DATA BLOCK:
⁂
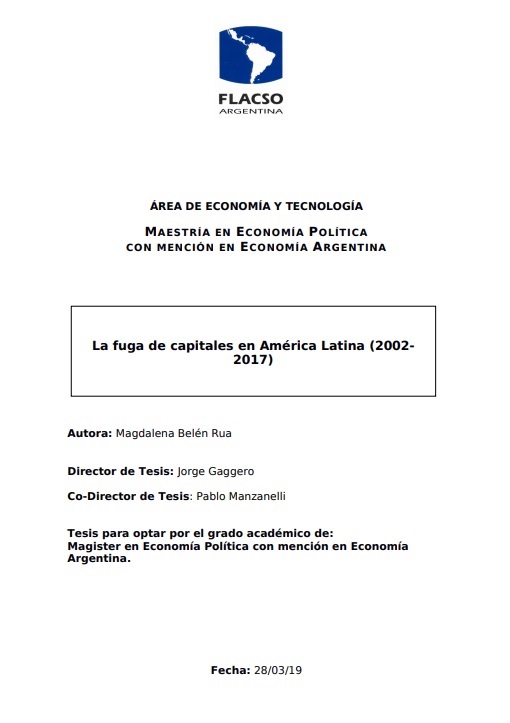 La fuga de capitales ha aumentado significativamente pese al crecimiento económico del que gozó preponderantemente la región entre 2002 y 2015. Los flujos de salida de divisas de las principales economías latinoamericanas crecieron por encima de lo registrado en décadas previas, en simultáneo al proceso de reactivación económica puesto en marcha en gran parte de América Latina. Este trabajo tiene por objetivo estudiar el fenómeno de la fuga de capitales en América Latina, determinando su magnitud y evolución a lo largo de los últimos dieciséis años, tomando como casos de análisis a ocho de las principales economías de la región: Argentina, Brasil, Chile, Colombia, México, Perú, Uruguay y Venezuela. Además, esta investigación se propone analizar si la fuga de divisas de América Latina se encuentra inserta en una problemática regional de orden estructural, teniendo en cuenta las características propias de las economías y los rasgos específicos de cada uno de los países analizados, e indagar acerca de las consecuencias macroeconómicas de este fenómeno.
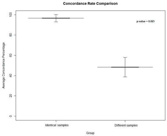 To further assess the performance of the protocol outlined in this study, a simulation was conducted on 100 additional samples by mixing the OA and WES data files related to this cohort and calculating the RMP and concordance rate. As a result, the average concordance rate was 48.31 ± 9.524% for different samples compared to that (96.63 ± 3.609%) resulting from identical samples. The difference between the concordance rates obtained from identical and different samples reported a significant p-value (p = 0.023) (Figure 4).
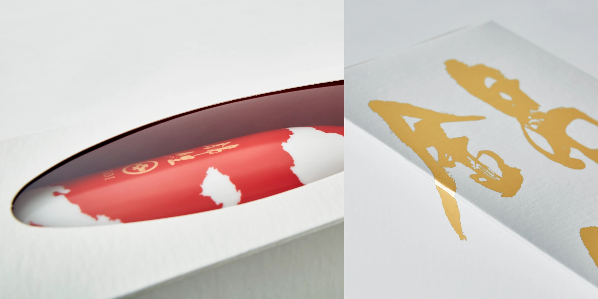 箱の紙は「気包紙 C-FS」。日本の上質さを感じてもらうためには白くて手触り豊かな紙がいいと、最初から気包紙に決めていたんです。海外に輸送するので、汚れが付きにくいことも大切なポイントでした。些細な部分ですが、注目してほしいのが箱の角。箔を押してから角を折っているのに、角割れが全然ないんです。これによって筆文字をわずかに外側に出すことができ、デザインに張りと緊張感が生まれました。依頼から完成までにかかった期間は約二年。今代司酒造さんのビジョンが最初からはっきりとしていて最後までぶれなかったからこそ、長い時間をかけて細部を丹念につくり込みながら、必然のかたちにたどり着けたと感じています。
⁂
WHAT YOU ARE ASKED TO DO:
Transcribe only these lines, exactly: the first line of the listing, every line after it, and the line with "To further assess", where the copy ends. Include no picture.

EXERCISE ANSWER:
 La fuga de capitales ha aumentado significativamente pese al crecimiento económico del que gozó preponderantemente la región entre 2002 y 2015. Los flujos de salida de divisas de las principales economías latinoamericanas crecieron por encima de lo registrado en décadas previas, en simultáneo al proceso de reactivación económica puesto en marcha en gran parte de América Latina. Este trabajo tiene por objetivo estudiar el fenómeno de la fuga de capitales en América Latina, determinando su magnitud y evolución a lo largo de los últimos dieciséis años, tomando como casos de análisis a ocho de las principales economías de la región: Argentina, Brasil, Chile, Colombia, México, Perú, Uruguay y Venezuela. Además, esta investigación se propone analizar si la fuga de divisas de América Latina se encuentra inserta en una problemática regional de orden estructural, teniendo en cuenta las características propias de las economías y los rasgos específicos de cada uno de los países analizados, e indagar acerca de las consecuencias macroeconómicas de este fenómeno.
 To further assess the performance of the protocol outlined in this study, a simulation was conducted on 100 additional samples by mixing the OA and WES data files related to this cohort and calculating the RMP and concordance rate. As a result, the average concordance rate was 48.31 ± 9.524% for different samples compared to that (96.63 ± 3.609%) resulting from identical samples. The difference between the concordance rates obtained from identical and different samples reported a significant p-value (p = 0.023) (Figure 4).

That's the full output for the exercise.